マクラーレンは、各サーキットに合わせてフロントウイングをモディファイすることにより、パフォーマンスの向上を追求し続けている。

 マクラーレンの開発は、最初に気流に当たるマシンのパーツであるフロントウイングが、いかに重要かを強調している。なぜならこのフロントウイングを通過した気流が、マシン全体に影響を与えることになるからだ。

 マクラーレンはレースごとに、上2枚のフラップの内側に入れられたスリットを変更している。このフラップの先端で作られる気流の渦は、車体中心線付近の乱れの少ない気流(Y250)に影響を及ぼすのだ。

 この渦は、気流の下流域にある多くのコンポーネントの性能に大きく関係している。しかし、サーキットでマシンが走った際、その効果を最大にするためには、速度域によってそのポジションを変更しなければならない。

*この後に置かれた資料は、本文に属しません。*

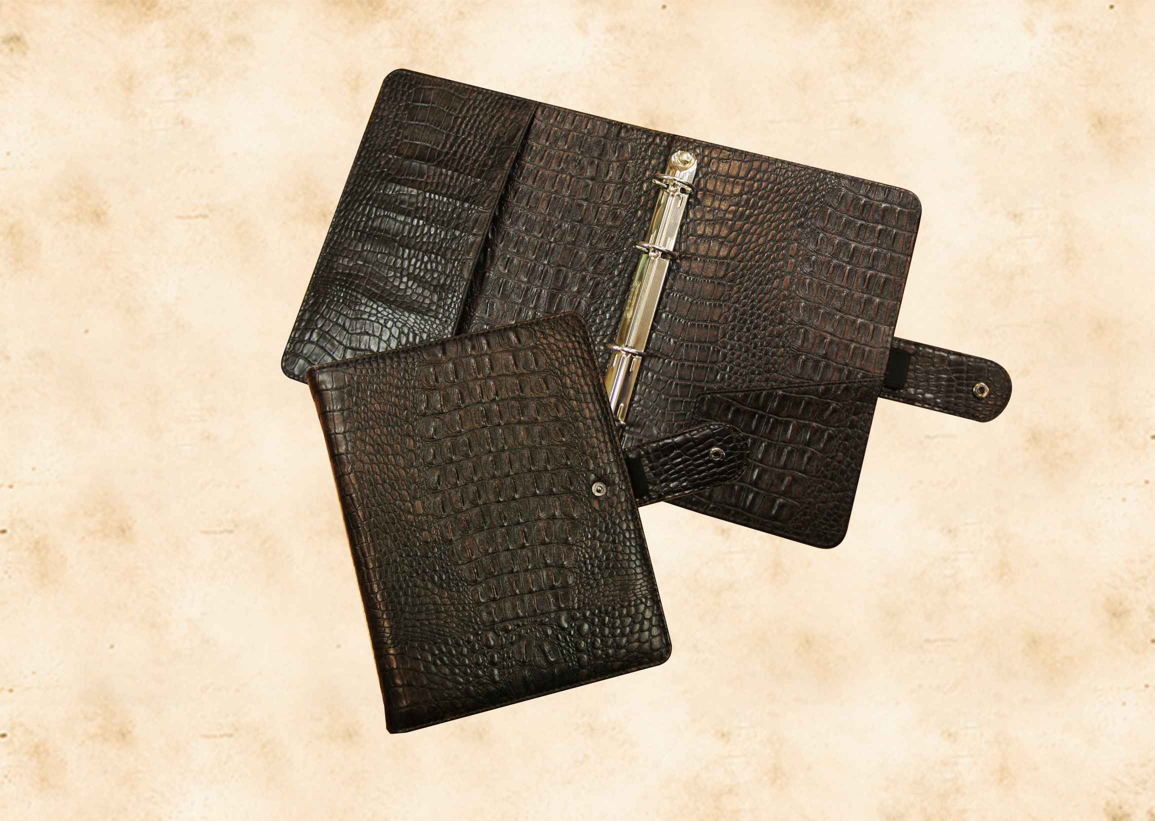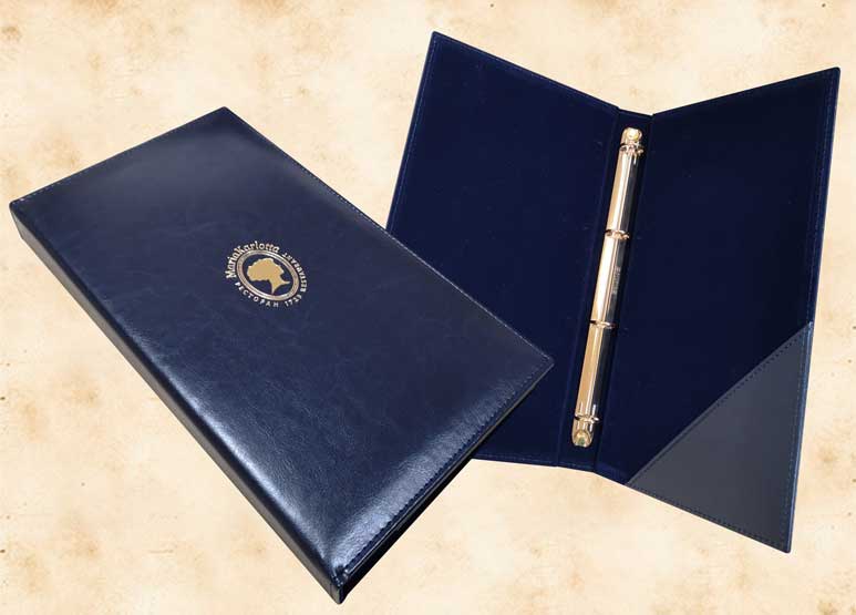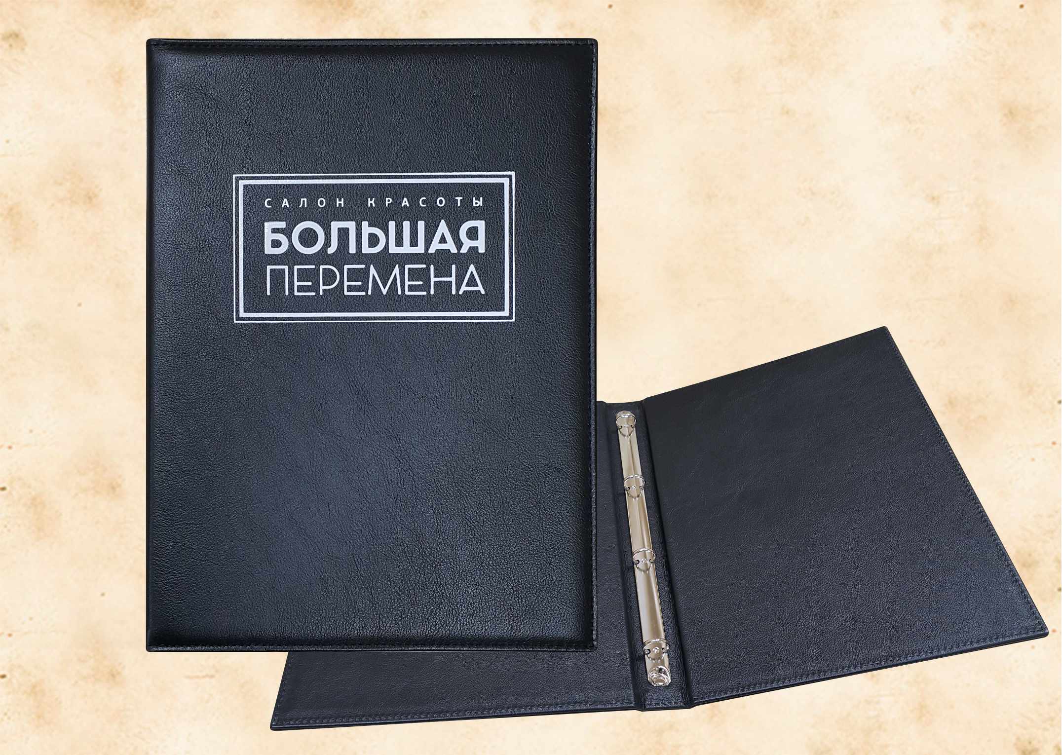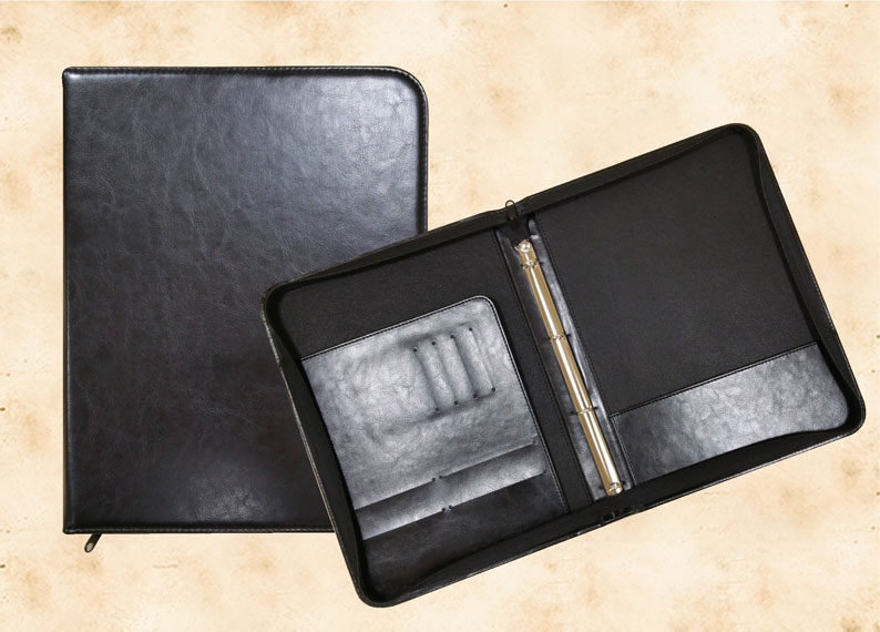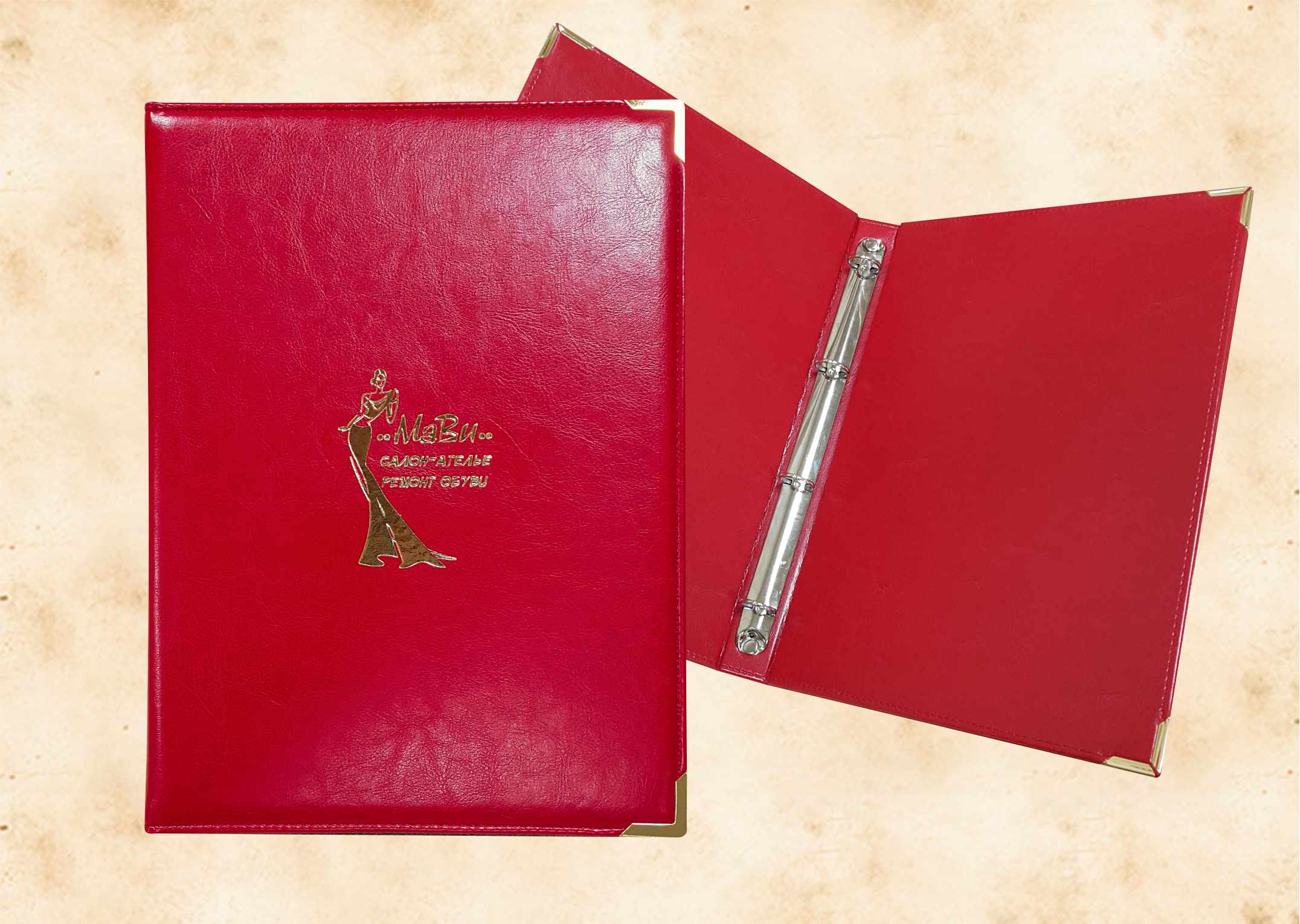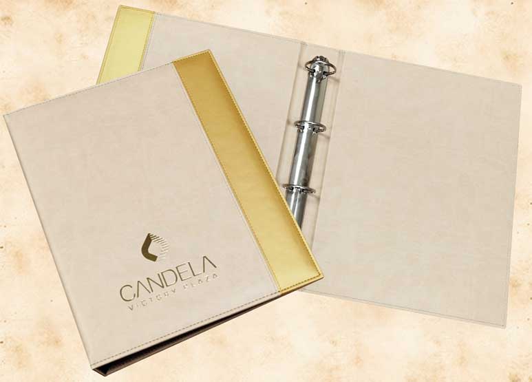 В нашей производственной мастерской мы изготавливаем разнообразные папки с разъемным кольцевым механизмом для крепления файлов или листов. Папки на кольцах мы производим на основе твердого или гибкого переплета из натуральной мягкой кожи, толстой шорной кожи или кожзама и других переплетных материалов. Папки с кольцевым креплением выполняем под А4 или А5 формат, а также любой нестандартный формат. Папки на кольцах из кожи или кожзама с тиснением логотипа или комбинированным дизайном могут быть дополненны фиксирующими хлястиками или клапанами для удобного хранения бумаг.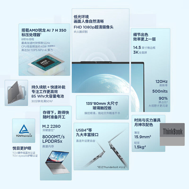 【政府补贴】联想ThinkBook 14+/16+ 新款锐龙AMD AI全能本轻薄便捷商务学习游戏ThinkPad笔记本电脑官方

 マクラーレンは、シンガポールGPのコースに最適な渦を生み出すため、このスロットを長く変更してきた。さらに、車体のヨーイングやウイングにかかる負荷によって形状が変化するのを防ぐため、フラップ間にサポート(◯で示した部分)を追加している。

 また、フラップ外側にはスリットが追加されている。これは、タイヤの正面に当たる気流を整流する効果を狙うもので、4番目のフラップに追加で設けられている(黄色で示した部分)。この部分に多くの空気を流すことができれば、マリーナベイ・ストリート・サーキットが求める気流のパターンを形作ることができるのだろう。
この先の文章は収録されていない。